2. **Lock** - The contract or escrow module locks the bounty so the owner cannot withdraw it after finders begin acting on the incentive.
3. **Claim** - A finder or authorized recovery participant presents the recovered device through the recovery flow.
4. **Release** - After the owner, insurer, or dispute process confirms recovery, escrowed USDC is released to the finder.
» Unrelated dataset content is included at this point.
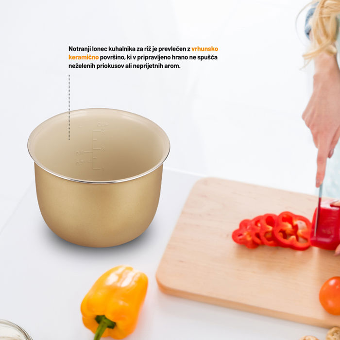 Keramička površina protiv lijepljenja Unutarnja posuda obložena je visokokvalitetnom keramičkom površinom koja sprječava neželjene okuse ili arome, osiguravajući da se hrana ne lijepi ili zagori.
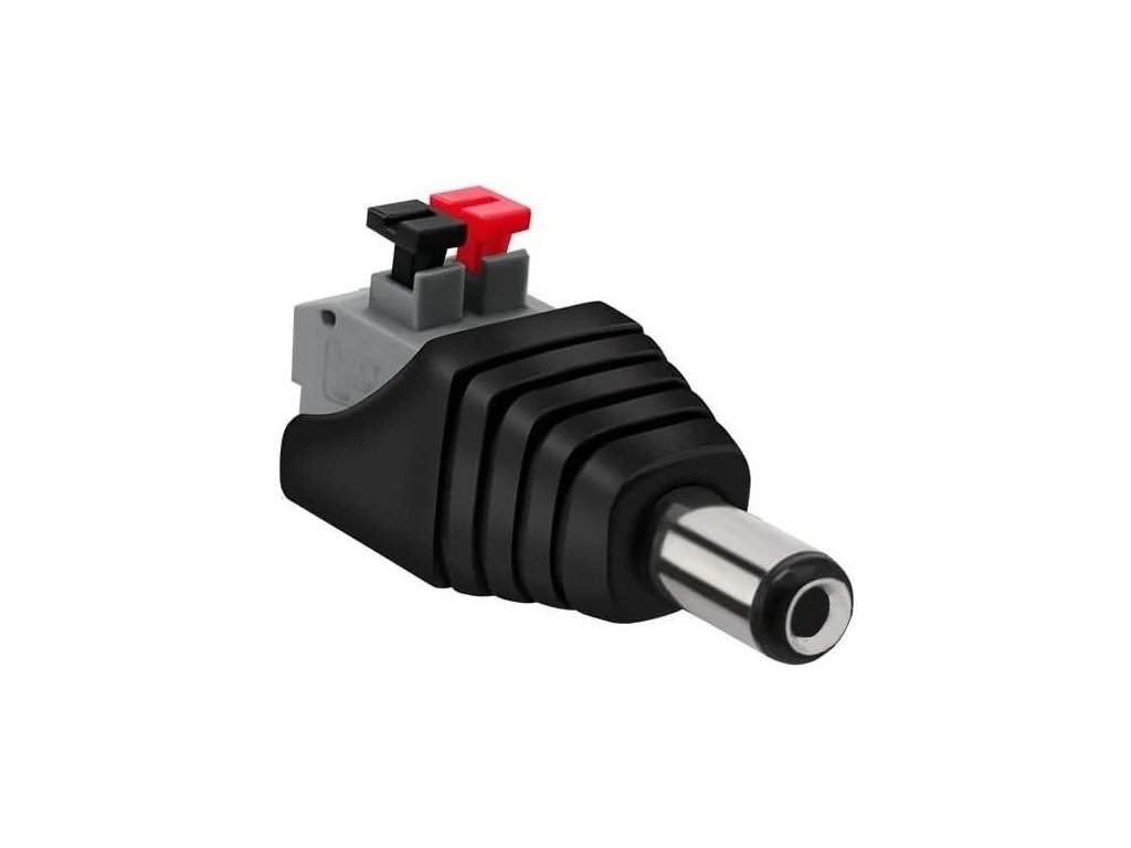 DC napájecí konektor typu male s rozměry 2.1 x 5.5 mm slouží k napájení zařízení, jako jsou LED pásky, adaptéry, měniče napětí, apod., která jsou opatřena shodnou DC zásuvkou. Díky svorkovnici odpadá nutnost pájení a zařízení lze jednoduše připojit. Vodič se ke konektoru připojuje pomocí pružinové svorkovnice a není třeba žádný šroubovák.

In the current contract documentation, `report_stolen()` records the bounty amount and `confirm_recovery()` clears the bounty record. Token escrow transfer and payout are planned follow-up work for the SAC/USDC integration. Until that integration lands, documentation and UI should distinguish between the recorded bounty amount and the final escrowed-token implementation.

## Edge Cases

### No one claims the bounty

If no finder claims the bounty before the recovery window expires, the protocol should let the owner or insurer close the bounty and recover locked funds. A production implementation should define the expiry period at bounty creation time and emit an event when funds become refundable.

### Bounty expiry

Expiry prevents stale incentives from remaining open forever. The device can still remain marked stolen, but the payment obligation should either be renewed by the owner or released back to the funder after the deadline.

### Dispute resolution

Disputes can occur when a finder claims recovery but the owner does not confirm, or when multiple parties claim the same device. The protocol should support a defined reviewer role, insurer authority, or multi-signature confirmation flow. Events should preserve enough history to show the device status, bounty amount, claimant, timestamps, and final resolution.

### Underfunded bounties

A bounty below the expected resale value is mostly symbolic. The UI should warn owners when the selected amount is below the local reference value or below the protocol minimum.

### Overfunded bounties

Very high bounties can attract abuse. Production flows should include device ownership checks, recovery proof, cooldowns, and optional insurer review before release.

## Why This Matters

Haven does not rely only on morality or law enforcement. It uses a transparent on-chain reward to make the honest action economically superior. When vendors and finders know that recovery pays better than resale, the stolen-device market becomes less liquid and less attractive.